A ROOT based monitoring system for the KLOE experiment



A.DORIA
for the KLOE collaboration



Abstract:

The monitoring of the KLOE experiment requires filling and presenting a large number of histograms. A client-server system, based on the ROOT framework, has been developed for this task; the sistem is designed in such a way that network traffic and online machines load are optimized.





The KLOE experiment, detector and data acquisition


The main physics goal of the KLOE experiment , at the INFN DAFNE F-factory in Frascati, is the search for the direct CP-violation in the neutral kaon system. The KLOE detector design is optimized to measure the decays KS,L -> p+ p-, p0p0 to determine the ratio e'/e at sensitivity of the order of 10-4. The rate from the detector at full luminosity is estimated to be ~104 events/s, corresponding to a total throughput of 50 Mbytes/s.


The detector components are, proceeding inwards, an electromagnetic calorimeter, made of one barrel and two encaps, a cylindrical drift chamber surrounding the beam pipe and two small calorimeters on the quadrupoles.


The detector read-out contains about 25000 electronic channels that are acquired using specialized readout controllers and Alpha based VME processors connected to a FDDI switch.

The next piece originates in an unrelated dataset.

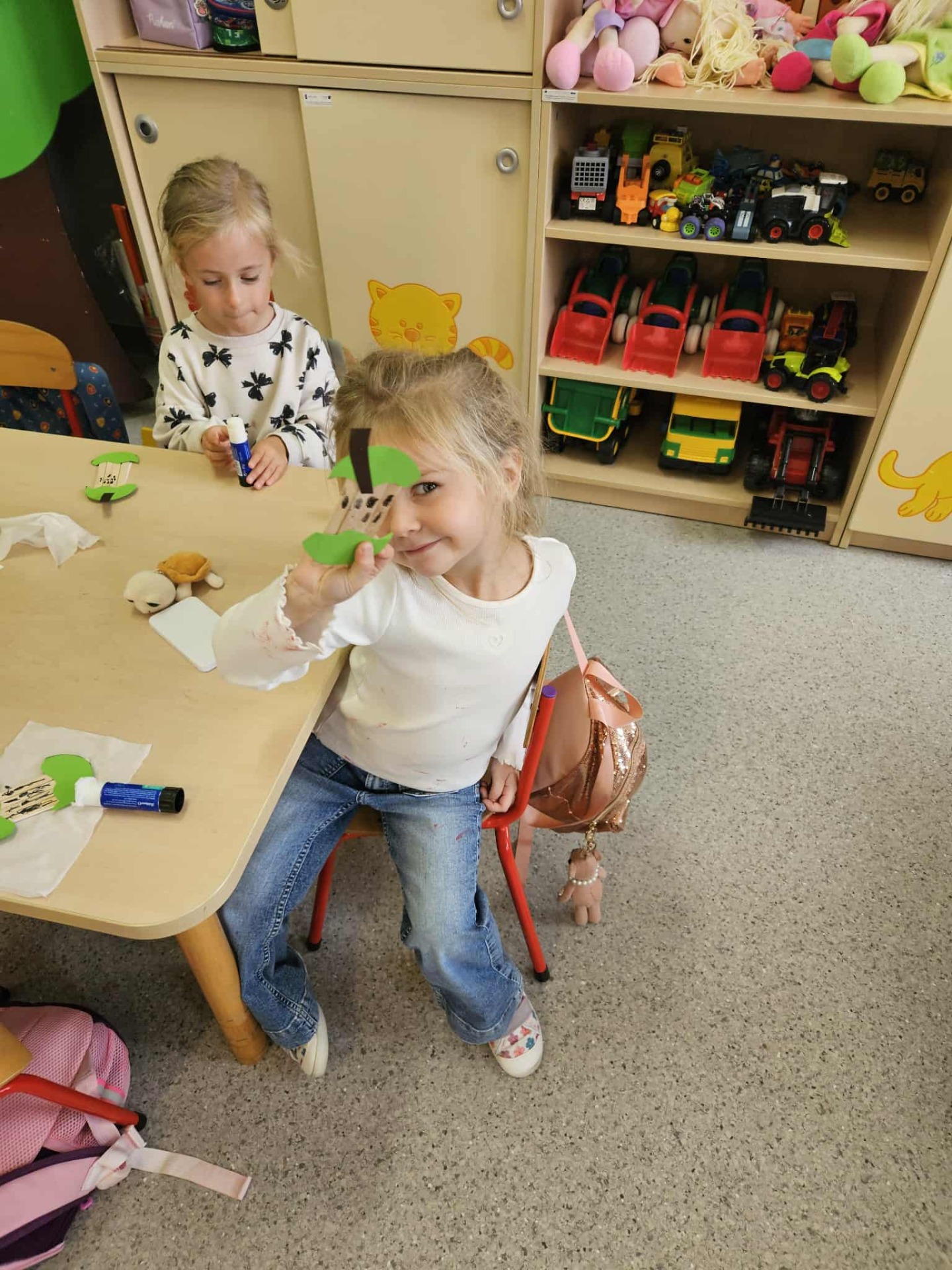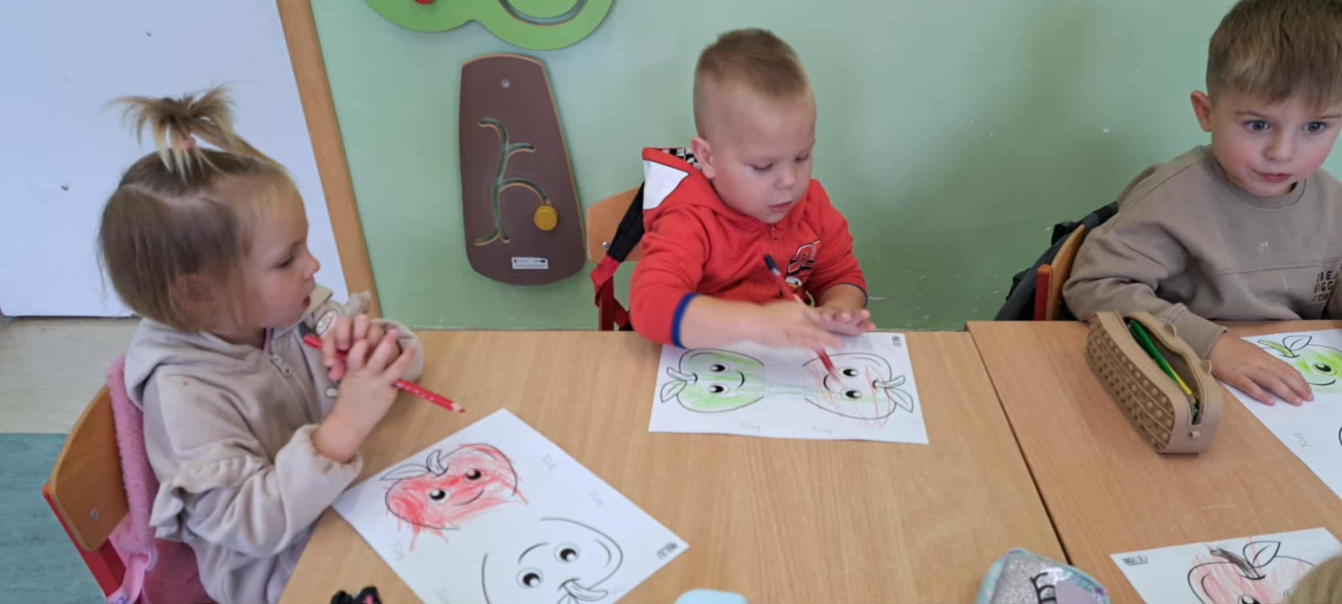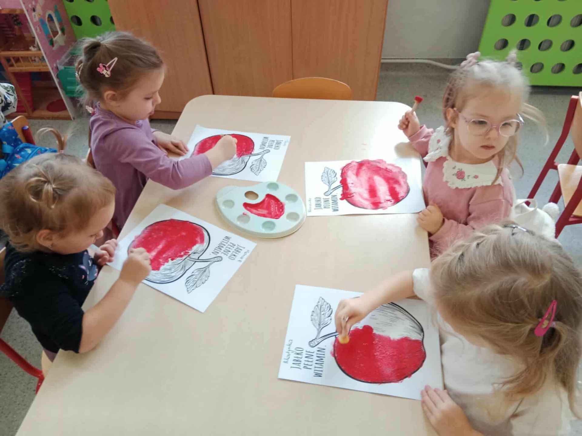 Ogromnym zainteresowaniem cieszyły się także prace plastyczne z motywem jabłka – dzieci malowały, wyklejały i tworzyły własne „jabłkowe dzieła sztuki”, które ozdobiły sale przedszkolne.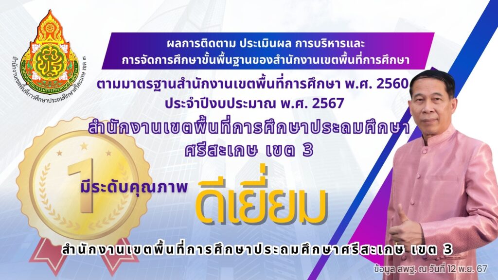 ผลการติดตาม ประเมินผล การบริหารและการจัดการศึกษาขั้นพื้นฐานของสำนักงานเขตพื้นที่การศึกษา ตามมาตรฐานสำนักงานเขตพื้นที่การศึกษา พ.ศ. 2560 ประจำปีงบประมาณ พ.ศ. 2567สำนักงานเขตพื้นที่การศึกษาประถมศึกษาศรีสะเกษ เขต 3 ได้รับการจัดระดับคุณภาพ “ดีเยี่ยม” ธันวาคม 2, 2024 Last updated : ธันวาคม 2, 2024 atthaphon phancharoen

A farm of AIX 4 way servers, connected to the switch, receives, builds, formats and records events. Destination assignement to the farm components for each group of events is accomplished by a dedicated data flow controller interconnected with the VME processors through VME mirrored memories.


Monitor processes can "spy" events from the main data stream, at farm level, allowing the online monitoring of the different system components.



The ROOT System

The ROOT system, developed since 1995 in the context of the NA49 experiment at CERN, provides a complete Object Oriented framework, with all the functionality needed to handle and analyze large amounts of data. A wide range of HEP tasks is covered, with histogramming methods in 1, 2 and 3 dimensions, curve fitting, function evaluation, minimization, graphics and visualization classes.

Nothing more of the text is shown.